**What is being asked**
Restate, word for word, the run of lines that starts at the line containing "Zodiac Horoscope Wooden" and ends with the final line of the listing. Leave pictures out.

———

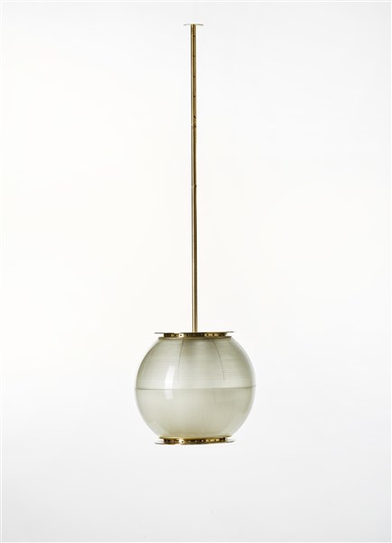 Lampada da sospensione modello "LS4". Produzione Azucena, Milano, 1955. Diffusore in due vetri abbinati e montatura in ottone lucido. (h cm 123) (lievi difetti e piccole mancanze)
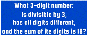 369, 378, 459, 468, 477, 558, 567, 666,
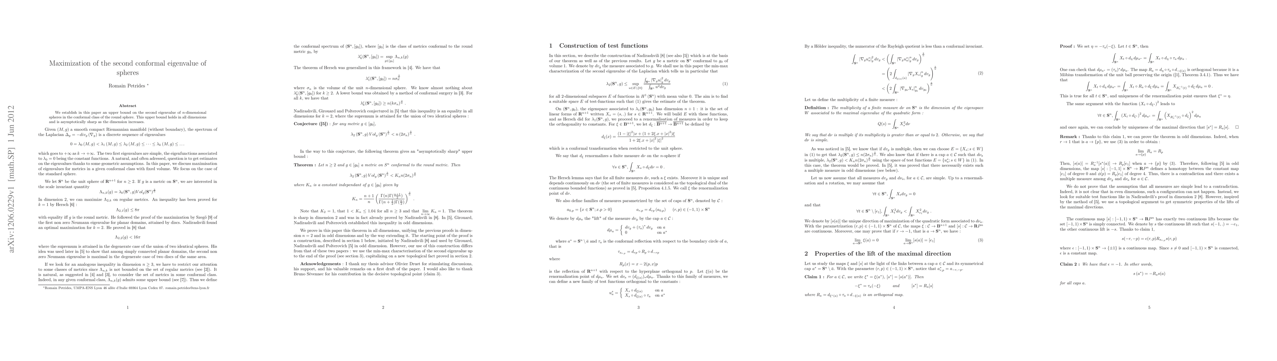 Researchers found an upper bound on the second conformal eigenvalue of n-dimensional spheres, with the bound being asymptotically sharp as the dimension increases.
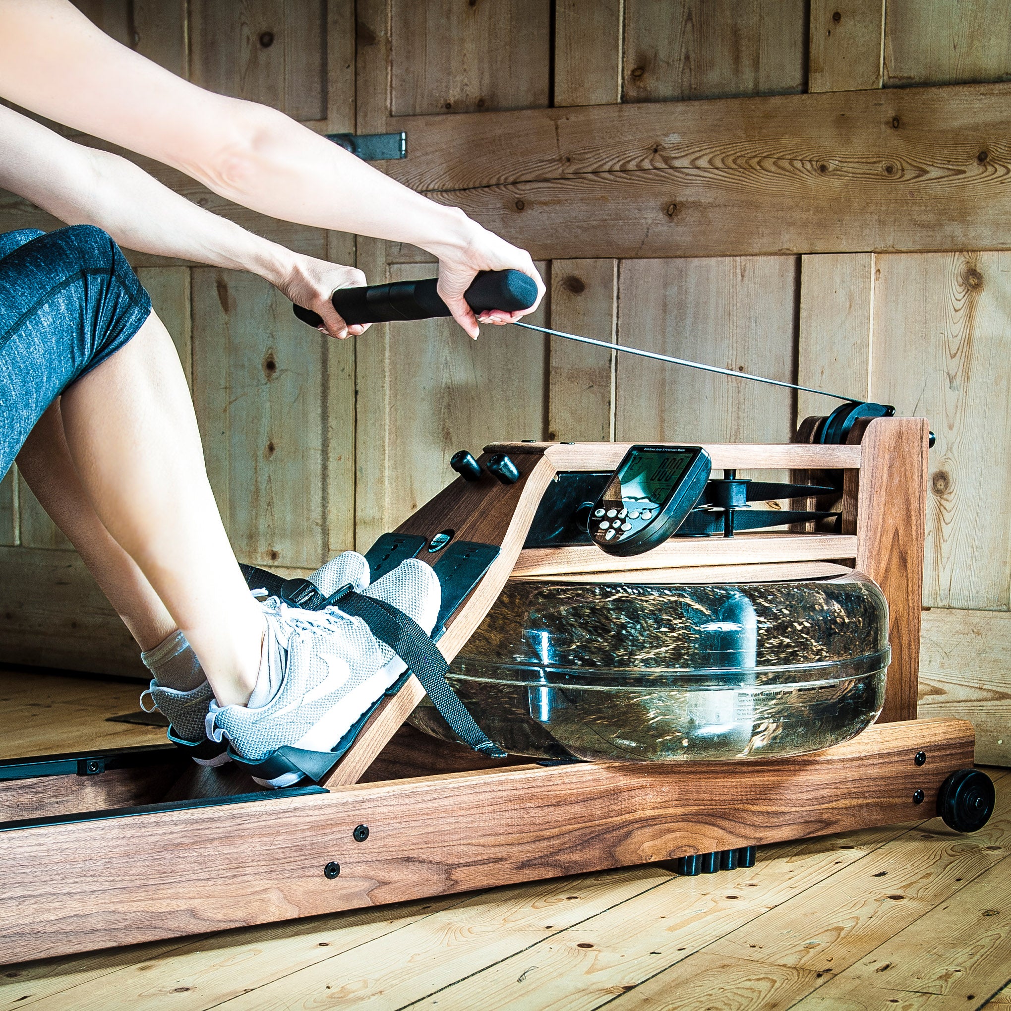 Wood as a material was chosen for the design of the WaterRower because it provides a smooth and quiet exercise experience by absorbing sound and vibrations. The WaterRower is much quieter than air rowers and produces a meditative sound as you row. The wood of the WaterRower has been hand-finished with three coats of Danish oil. adding warmth. deep luster and an overall aesthetic appeal. While there are other water rowers on the market. the WaterRower Rowing Machine is the original—and it has revolutionized the home rowing machine experience.
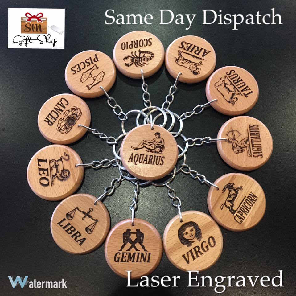 Zodiac Horoscope Wooden Keyring Keychain Ebay
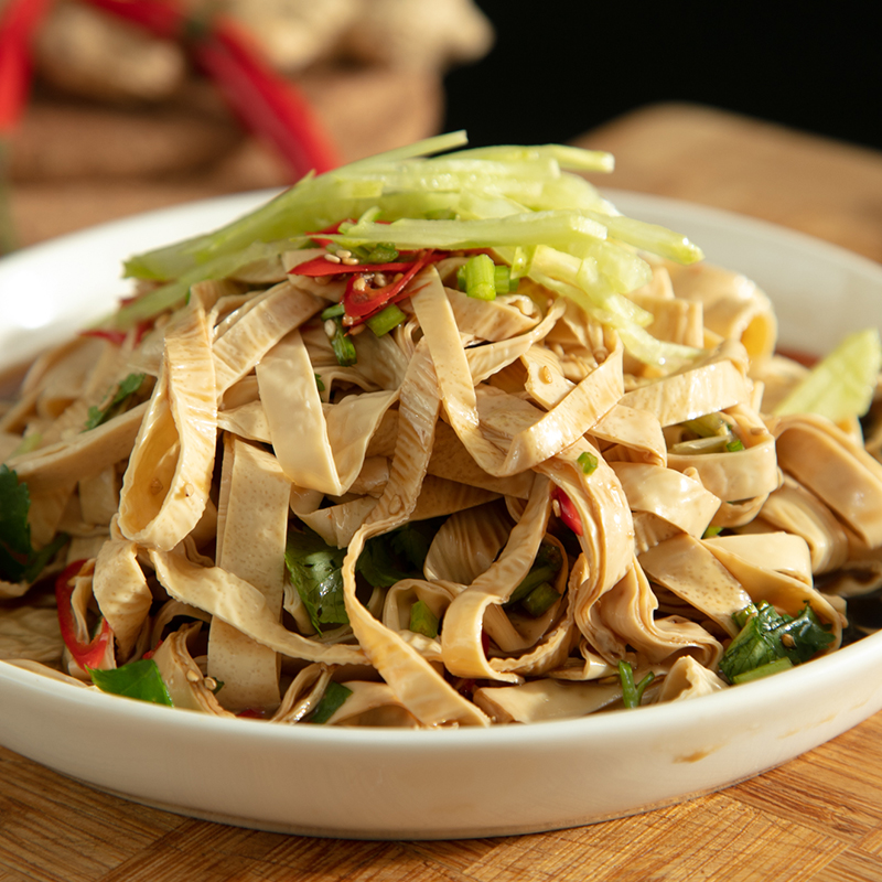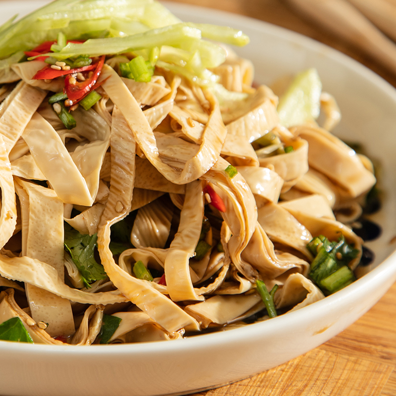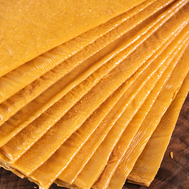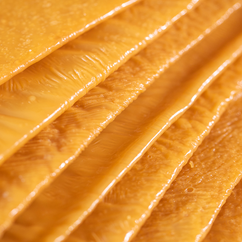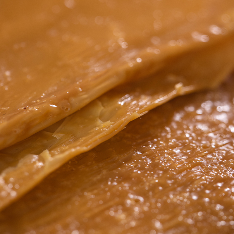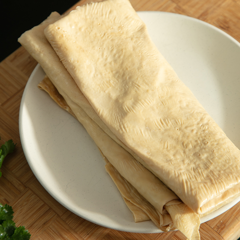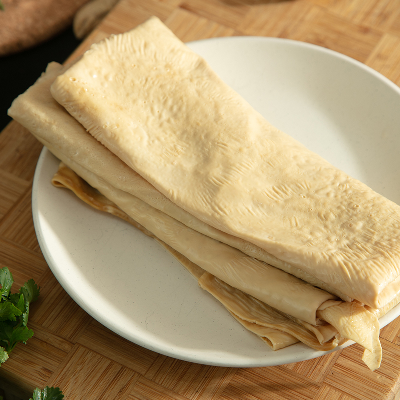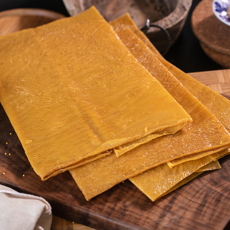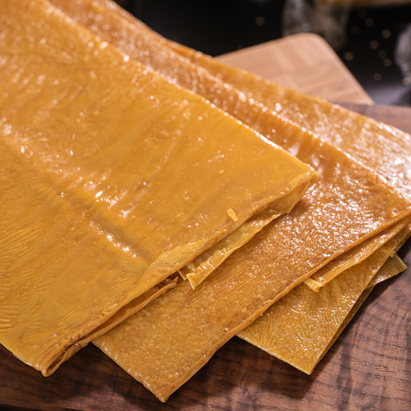 看到摸到的是色泽金黄、油光发亮的豆皮

———

**Your response**
 Zodiac Horoscope Wooden Keyring Keychain Ebay
 看到摸到的是色泽金黄、油光发亮的豆皮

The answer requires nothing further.